Bakara Suresinin 234. Ayeti Ne Anlatıyor?

KUR’ÂNIMIZ

Bakara suresinin 234. ayetinde ne anlatılıyor? Allah’ın her şeyden haberdar olduğunu bildiren ayet-i kerime, Bakara suresinin 234. ayetinin meali ve tefsirini yazımızda okuyabilirsiniz...

Ayet-i kerimede buyrulur:

وَاللّٰهُ بِمَا تَعْمَلُونَ خَب۪يرٌ

Allah, yaptığınız her şeyden haberdardır. (Bakara, 2/234)

HER ŞEYİ BİLEN RABBİMİZ

Bilgi

En güzel isimler Allah’a aittir. Bundan dolayı Allah’ın isimleri için “en güzel isimler” anlamında “Esmâ-i Hüsnâ” kavramı kullanılır. Bu isimlerin bir kısmı Kur’an’da geçerken bir kısmı da hadislerle bizlere haber verilmiştir. Bu isimlerden biri de “insanların yaptıkları her şeyden haberdar olan” anlamındaki “el-Habîr” ismidir.
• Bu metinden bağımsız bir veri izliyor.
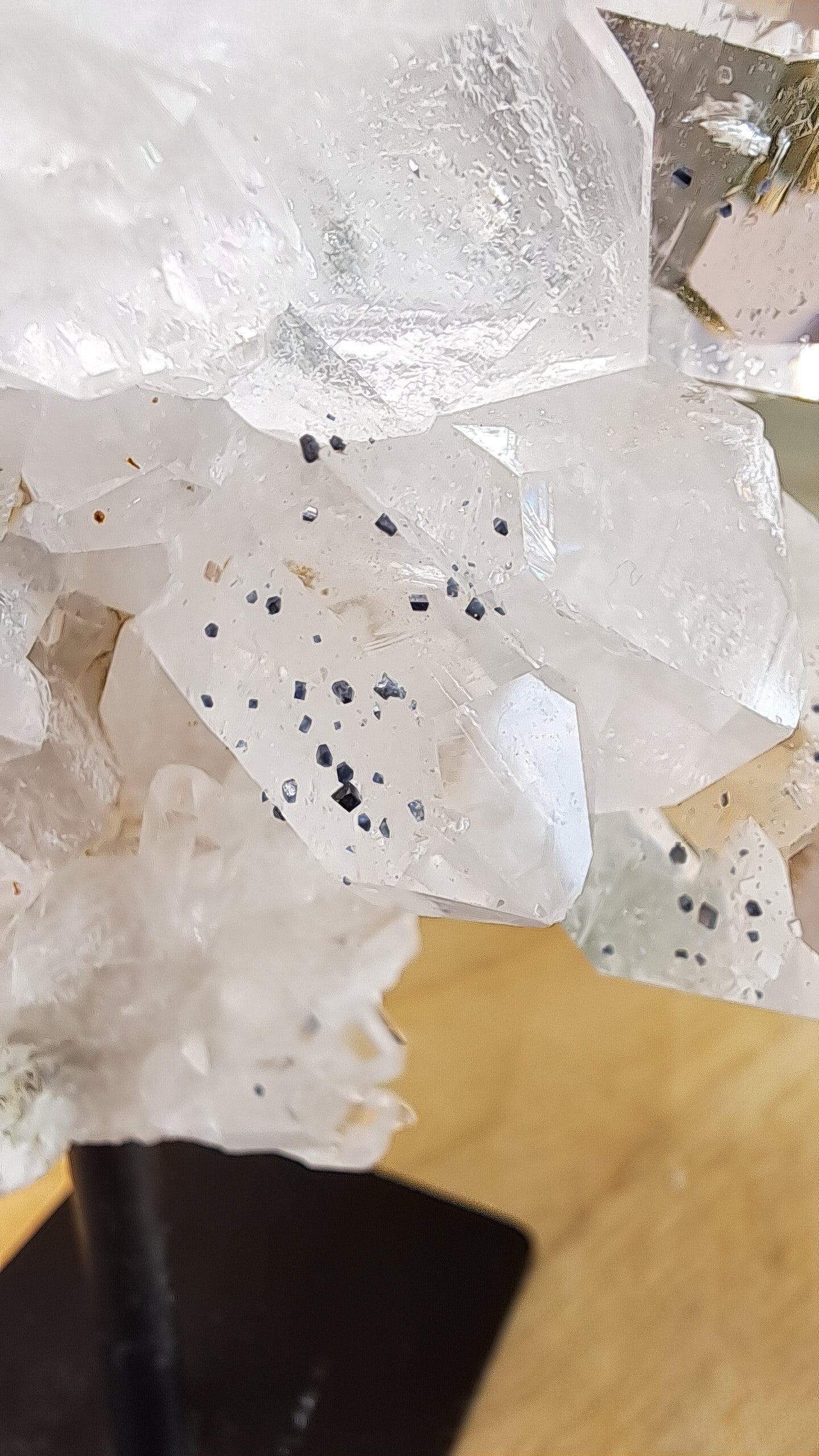 Ruwe heldere punten van Bergkristal. Op de kristallen hebben zich kleine kristallen van Hematiet en Anatase afgezet.

Âyette kadınların birtakım hak ve sorumluluklarından bahsedildikten sonra Allah’ın her şeyden haberdar olduğu bizlere hatırlatılmaktadır.

Mesaj

  1. Rabbimiz, bizi sadece ibadetlerimize göre değil bütün hayatımıza göre değerlendirir.
  2. Her işte, Allah’ın bizden haberdar olduğu bilinciyle davranmak gerekir.

Kelime Dağarcığı

Habîr: Haberdar olan, bir nesnenin mahiyetini ve iç yüzünü bilen.

Kaynak: Diyanet, Kur'an-ı Kerim'den Serlevha Ayetler

TEFSİR

  1. Vefat eden mü’minlerin geride bıraktıkları eşleri, yeniden evlenebilmek için dört ay on gün bekleyeceklerdir. Bekleme süresi dolunca, meşrû çerçevede kendileri için uygun olanı yapmalarında size bir günah yoktur. Allah, bütün yaptıklarınızdan haberdardır.
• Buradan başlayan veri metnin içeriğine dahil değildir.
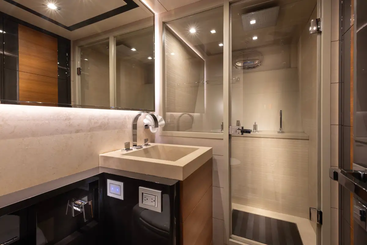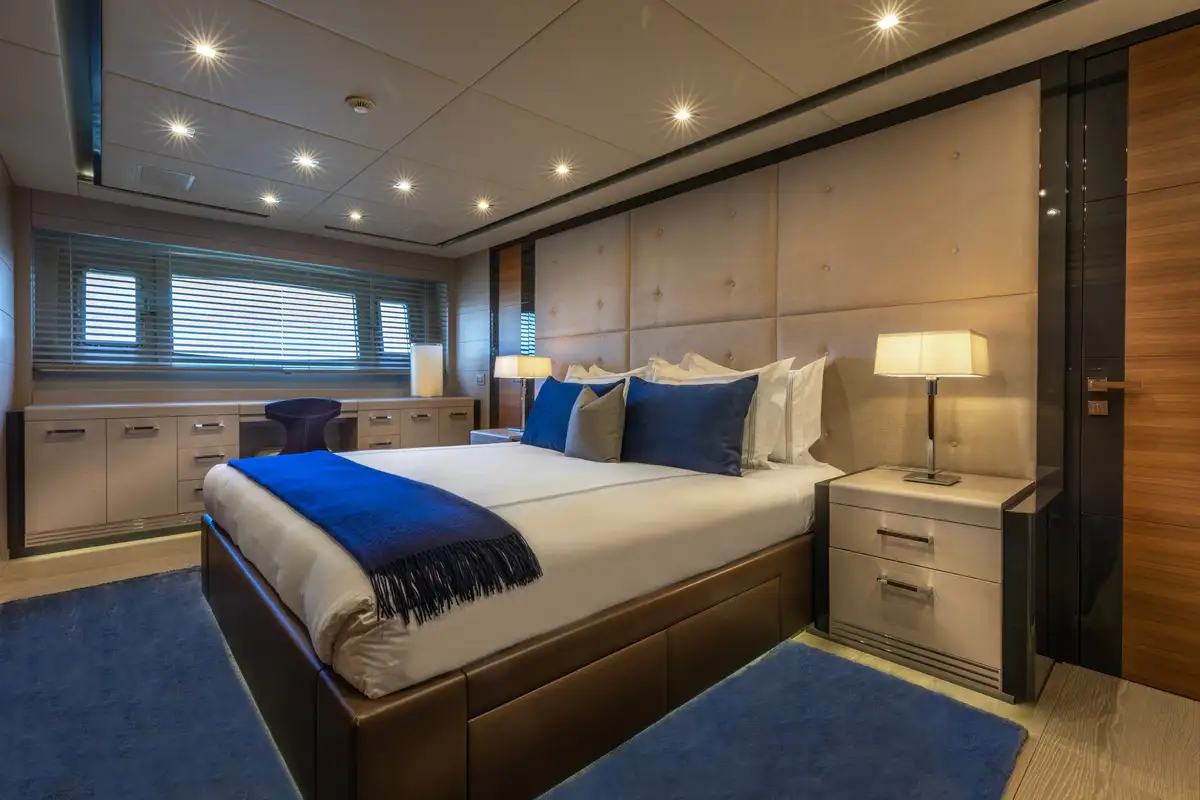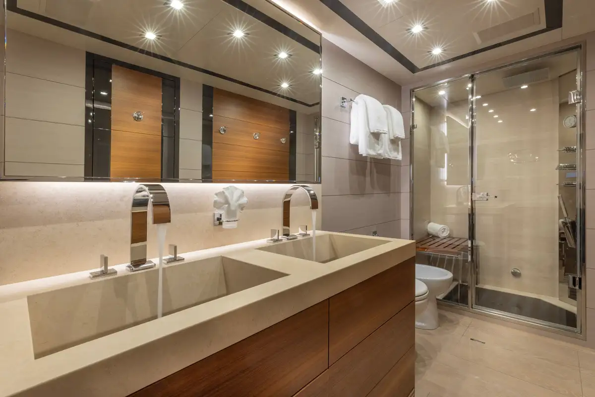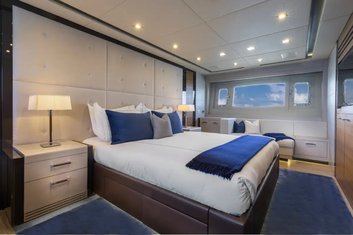 Designed to provide ultimate comfort and privacy, SAYONARA accommodates up to six guests in three beautifully appointed cabins, all located on the lower deck. The full-beam master suite is a true sanctuary, bathed in natural light from large windows on either side, creating an inviting and airy atmosphere. The master cabin features a luxurious en suite with dual sinks and a spacious glass-enclosed shower. In addition to the master suite, the lower deck offers a sophisticated lounge area, a well-appointed double cabin, and a versatile twin cabin, making SAYONARA the perfect choice for both families and couples seeking comfort and relaxation.

Kocaları vefat etmiş kadınların, dört ay on gün beklemeleri farzdır. Bu süre içinde hem hamile olup olmadıkları kesin olarak anlaşılır, hem de eşlerinin ölümüyle sarsılan ruh hallerinin düzelip hayata intibak sağlamalarına zemin hazırlanmış olur. Eğer hâmile iseler, çocuklarını doğuruncaya kadar beklemeleri gerekir. (bk. Talâk 65/4) Bu süre zarfında evlenemezler, kendilerine açıktan evlilik teklifi yapılamaz ve zaruri bir durum olmadıkça kocalarının evlerinde kalırlar. Bu hususla alakalı olarak Allah Resûlü (s.a.s.) şöyle buyurmaktadır:

“Allah’a ve âhiret gününe inanan bir kadının, herhangi bir ölü için üç günden fazla yas tutması caiz değildir. Ancak ölen kişi kocası ise, onun için dört ay on gün yas tutar.” (Buhârî, Talâk 46; Müslim, Talâk 58) Yas tutan kadın ise renkli elbiseler giymez, makyaj yapmaz ve koku sürünmez. (bk. Buhârî, Cenâiz 31) Yas tutmanın sebebi nafaka, mesken ve benzeri ihtiyaçlarının karşılanmasının yegâne sâikı olan nikah nimetinden mahrum kalmasından dolayı kadının, gönül kırıklığı ve üzüntüsünü ortaya koymasıdır. Zira ölüm ve bununla gelen nikahtan mahrumiyet, sevinilecek bir durum değil, iffetli yaşama hassasiyeti taşıyan ince ruhlu kadınlar için ciddi bir mâtem sebebidir. Fakat bunlar, iddetlerini tamamladıklarında, bu süre içinde yapmaları yasak olan bazı meşrû şeyleri yapmalarında bir sakınca yoktur. Mesela makyaj yapıp süslenebilir, koku sürünebilir ve açıktan evlilik tekliflerine muhatap olabilirler. İçlerindeki kadınlık duygularını meşrû ölçüler içinde hayâ ve edep dairesinde ortaya koyabilirler. Onlar üzerinde söz sahibi olan kişiler, buna mâni olmamalıdırlar. Çünkü bunda kendileri için bir günah söz konusu değildir. Evlenecek olan erkekler de onlara evlilik tekliflerini adabına uygun yapmalıdırlar.